# Just bought a graco 210 es from Home Depot $ 190 after tax!!!!



## Bill the painter (Feb 6, 2010)

I just now went to home depot and they had a clearance sale on a couple of discontinued sprayers and $224.95 for the graco 210es. The only one that they had left was the display and I got that one for $180 excited as a painter next to a crackhouse on Friday!!!!:sailor: Just thought I would share. LATER GUYS


----------



## Rcon (Nov 19, 2009)

Bill the painter said:


> I just now went to home depot and they had a clearance sale on a couple of discontinued sprayers and $224.95 for the graco 210es. The only one that they had left was the display and I got that one for $180 excited as a painter next to a crackhouse on Friday!!!!:sailor: Just thought I would share. LATER GUYS


Awesome...I would use that to spray elasomerics, and definitely use it daily on residential and commerical projects (in between crack smoking sessions, of course). 

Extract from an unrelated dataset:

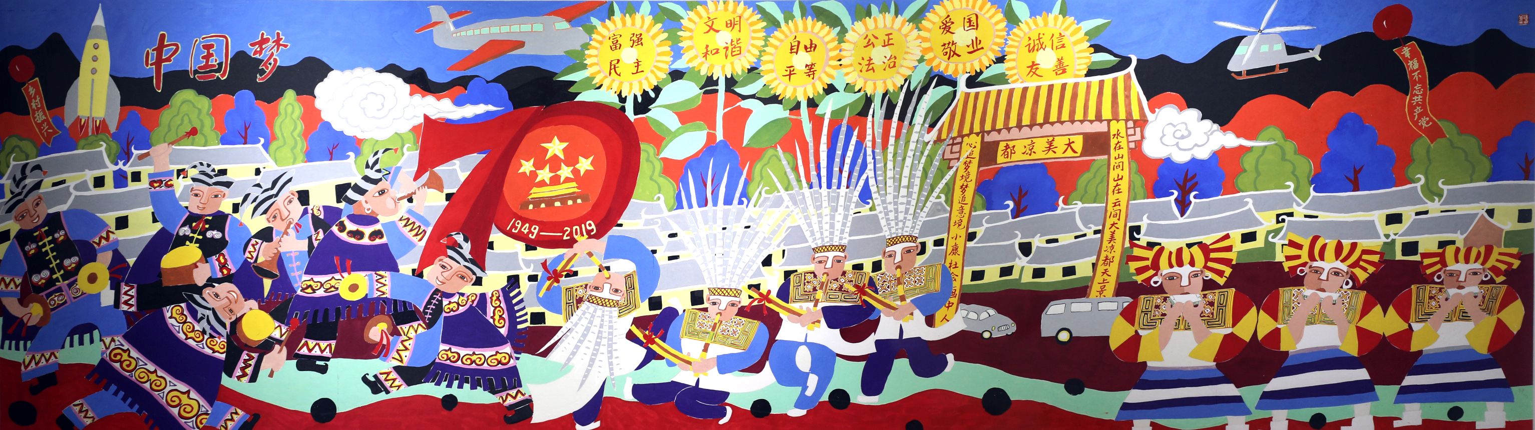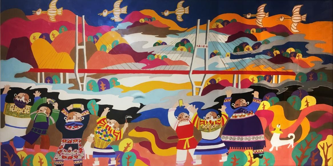 这幅作品是水城农民画传承人徐源带领自己的创作团队绘制的巨幅农民画。整幅作品以中国红为主色调。画面色彩斑斓、题材包罗万象,融入了苗族、彝族、布依族等少数民族元素。整幅作品长3.70米、高1.46米,由9名画师耗时30余天创作完成。

Nothing like showing up to a job with a professional contractor sprayer like the 210es


----------



## Wolfgang (Nov 16, 2008)

I bought one of those at an estate sale about 7 years ago, new in the box for $150. All it was ever used for was an in-shop lacquer pump. Beat the thing to death, but it paid for itself many times over.


----------



## aaron61 (Apr 29, 2007)

Dude you stole that thing!!!!


----------



## Workaholic (Apr 17, 2007)

Shoot I was in HD today buying some OSB board and looked at the price they had the 210es for 8 bills. So you got one hell of a deal on that small machine.


----------



## Schmidt & Co. (Nov 6, 2008)

Bill the painter said:


> excited as a painter next to a crackhouse on Friday!!!!


A new tag line for me? Seriously dude, the funniest thing I've read all day! :thumbup:


----------



## brushmonkey (Jan 4, 2010)

That is pretty funny!:thumbsup:


Schmidt & Co. said:


> A new tag line for me? Seriously dude, the funniest thing I've read all day! :thumbup:


----------



## Masterpiece (Feb 26, 2008)

I've never seen any good deals at Memphis HD stores....I've seen small XR7/9 rigs covered in paint and only discounted about 10-20%!


----------